Task requirements
Given the entries that follow, write out exactly the lines starting at the one containing "Weihnachtskärtchen - Bitte" and ending at the one containing "Förvandla din trädgård", both ends included, and only those.

Data listing: Begin

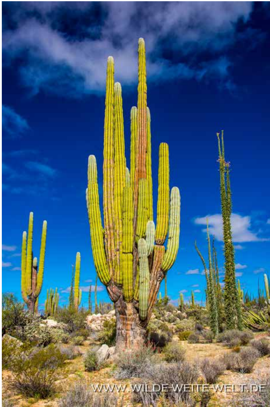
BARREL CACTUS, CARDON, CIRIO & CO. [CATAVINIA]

Data listing: End
Data listing: Begin

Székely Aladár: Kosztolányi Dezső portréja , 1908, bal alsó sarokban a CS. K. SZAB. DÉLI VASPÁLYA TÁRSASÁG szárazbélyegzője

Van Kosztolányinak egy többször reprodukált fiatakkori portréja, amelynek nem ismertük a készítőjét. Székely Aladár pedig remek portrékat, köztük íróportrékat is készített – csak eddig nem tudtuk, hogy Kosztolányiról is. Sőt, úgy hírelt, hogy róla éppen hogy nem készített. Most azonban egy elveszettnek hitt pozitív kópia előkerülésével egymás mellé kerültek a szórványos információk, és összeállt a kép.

Data listing: End
Data listing: Begin

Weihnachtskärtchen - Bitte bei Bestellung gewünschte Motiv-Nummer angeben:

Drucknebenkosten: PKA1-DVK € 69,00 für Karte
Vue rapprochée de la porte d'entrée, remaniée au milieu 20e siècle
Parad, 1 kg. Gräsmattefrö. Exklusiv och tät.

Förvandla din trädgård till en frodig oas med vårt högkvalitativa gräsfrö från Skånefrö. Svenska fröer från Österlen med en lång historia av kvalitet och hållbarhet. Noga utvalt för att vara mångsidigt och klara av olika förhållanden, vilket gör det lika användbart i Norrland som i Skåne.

Data listing: End

Your solution
Weihnachtskärtchen - Bitte bei Bestellung gewünschte Motiv-Nummer angeben:

Drucknebenkosten: PKA1-DVK € 69,00 für Karte
Vue rapprochée de la porte d'entrée, remaniée au milieu 20e siècle
Parad, 1 kg. Gräsmattefrö. Exklusiv och tät.

Förvandla din trädgård till en frodig oas med vårt högkvalitativa gräsfrö från Skånefrö. Svenska fröer från Österlen med en lång historia av kvalitet och hållbarhet. Noga utvalt för att vara mångsidigt och klara av olika förhållanden, vilket gör det lika användbart i Norrland som i Skåne.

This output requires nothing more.